Vegan activists like Russell and her supporters make many members of the public uncomfortable, which may explain the counter-protesters’ antagonism. Vegans’ existence, as activists or not, exposes the cognitive dissonance involved in meat-eating. Cognitive dissonance, the process by which our brains try to reconcile behaviors inconsistent with our beliefs, lets us be outraged by puppy mills but indifferent to factory farms. To view ourselves as animal lovers while eating meat requires subconscious strategies such as believing that eating meat is necessary for survival. Hundreds of thousands of vegans surviving on plant-based diets inadvertently undermine these strategies by merely existing; they compel meat-eaters to acknowledge that, for many, meat-eating is a choice, rather than a necessity.

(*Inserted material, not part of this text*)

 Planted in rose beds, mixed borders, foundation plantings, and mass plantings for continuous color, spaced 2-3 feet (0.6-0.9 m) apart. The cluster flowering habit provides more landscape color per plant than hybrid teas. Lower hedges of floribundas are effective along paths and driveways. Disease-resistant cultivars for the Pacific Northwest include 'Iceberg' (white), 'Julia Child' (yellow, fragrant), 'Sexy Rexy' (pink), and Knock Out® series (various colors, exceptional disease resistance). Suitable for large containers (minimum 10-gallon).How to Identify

To continue to feel untroubled, meat-eaters must employ a series of novel justifications, including adopting the view that vegans are in the wrong. Meat-eaters may also rely on stereotypes of vegans as militant, hypocritical, or irritating, whether they advocate for animals in other ways or not. By virtue of their activism or mere existence, vegans oblige animal eaters to confront a habit that they do not want to examine.

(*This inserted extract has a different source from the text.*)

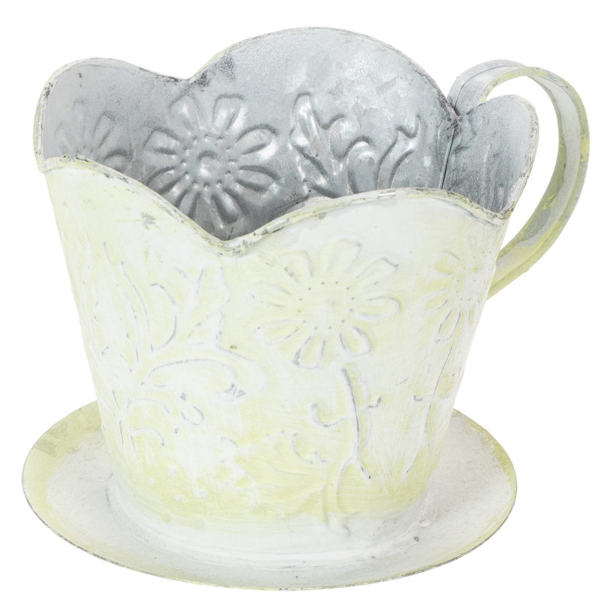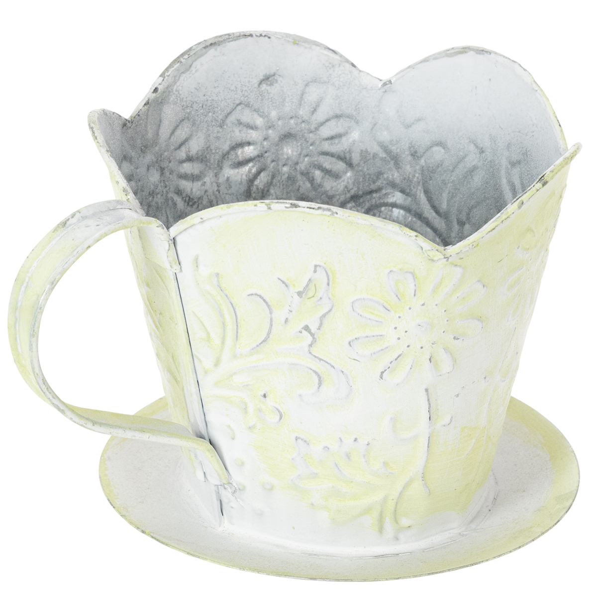 Plant pot, decorative coffee filter holder, metal cup for planting, green and white flower decoration, shabby chic, H11cm Ø11cm

Vegans and vegan animal activists like Russell are not the only targets of public disfavor. The public disdains activists in general, even those who represent causes with which the majority generally agrees. In one study, people admitted to being less likely to adopt environmentally-friendly practices because of biases they held against environmentalists. They described typical environmentalists as “tree-huggers” and “hippies” and typical feminists as “man-hating.” In another study, college students described themselves as less likely to befriend people who are active in political and social causes by attending rallies and protests. But even while feeling discomfort with activists, the public overwhelmingly agrees with their causes: two-thirds of the American population think that the federal government should be taking stronger action on climate change, and at least as many, across the political spectrum, say that it is “very important” for women to have equal rights to men. The public persists in negatively stereotyping activists even when agreeing strongly with their causes.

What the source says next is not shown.